Bug 1628701
| Summary: | [RFE] Allow resource/operation defaults to be defined for particular resource/operation types | ||
|---|---|---|---|
| Product: | Red Hat Enterprise Linux 8 | Reporter: | Shane Bradley <sbradley> |
| Component: | pacemaker | Assignee: | Chris Lumens <clumens> |
| Status: | CLOSED ERRATA | QA Contact: | cluster-qe <cluster-qe> |
| Severity: | medium | Docs Contact: | |
| Priority: | high | ||
| Version: | 8.0 | CC: | cfeist, clumens, cluster-maint, dciabrin, idevat, kgaillot, michele, nwahl, omular, phagara, pkomarov, sbradley, tojeline |
| Target Milestone: | pre-dev-freeze | Keywords: | FutureFeature |
| Target Release: | 8.3 | Flags: | pm-rhel:
mirror+
|
| Hardware: | Unspecified | ||
| OS: | Unspecified | ||
| Whiteboard: | |||
| Fixed In Version: | pacemaker-2.0.4-3.el8 | Doc Type: | No Doc Update |
| Doc Text: |
Any corresponding pcs functionality should be documented instead.
|
Story Points: | --- |
| Clone Of: | Environment: | ||
| Last Closed: | 2020-11-04 04:00:53 UTC | Type: | Feature Request |
| Regression: | --- | Mount Type: | --- |
| Documentation: | --- | CRM: | |
| Verified Versions: | Category: | --- | |
| oVirt Team: | --- | RHEL 7.3 requirements from Atomic Host: | |
| Cloudforms Team: | --- | Target Upstream Version: | |
| Embargoed: | |||
| Bug Depends On: | |||
| Bug Blocks: | 1579221, 1817547 | ||
As you pointed out, the docker resource is created by pacemaker behind the scenes. There is no docker resource in the CIB and therefore, as far as I know, it is impossible for pcs to set its instance, meta and utilization attributes as well as operations. It is possible to set bundles meta attributes with 'pcs resource bundle create ... meta ...' and 'pcs resource bundle update ... meta ...'. These are inherited by implicit resources created by pacemaker for the bundle. As I understand bundles, not having the docker (or other container), pacemaker remote, ip and other resources in the CIB is the whole point of bundles: to make the configuration easier for the users by not requiring them to set, configure and view a bunch of resources and instead creating them in pacemaker behind the scenes. If they really want to configure these all in details, then they can create and manage all the resources by themselves instead of using bundles. Moving to pacemaker for further discussion. I wouldn't want to give direct access to the implicit resources' XML, but I could see having new options for the values that could reasonably be changed.

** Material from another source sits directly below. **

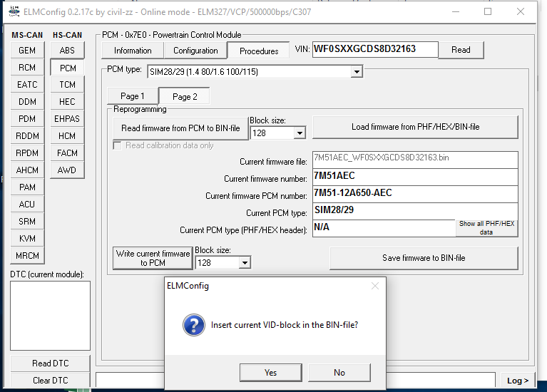 takze as-built neslo, neprecitalo mi ani VIN, ale mal som ulozenu PCM konfig, z nej som to nahral a malo by to tam byt. ked dam Load fw, opyta sa ma toto. teraz prosim ano alebo nie?

One option would be to use any timeouts specified on the bundled resource for the implicit resources. I'm leaning against this, because the time a bundled resource takes to do something is not related to the time it takes to launch a container or connect to Pacemaker Remote, and because bundles can be specified without a resource (to simply manage a container as a "black box").
The other option would be to provide new syntax to set the container operation timeouts. I could see one of these two approaches:
<docker ... container-start-timeout="50s" container-monitor-timeout="30s">
or
<docker ...>
<operations>
<op id="docker-monitor" interval="60s" name="monitor" timeout="30s"/>
<op id="docker-start" interval="0" name="start" timeout="50s"/>
</operations>
</docker>
I can't see this being a per-bundle kind of change. Can we have a top-level cluster property that sets the timeout for all bundle operations? Are we concerned only with a single timeout to be used for all implicit container resource ops? If so, then a new container-timeout option makes sense, whether as a cluster-wide property, or a per-bundle meta-attribute that could be set once in rsc_defaults. Pro: easy to understand and configure.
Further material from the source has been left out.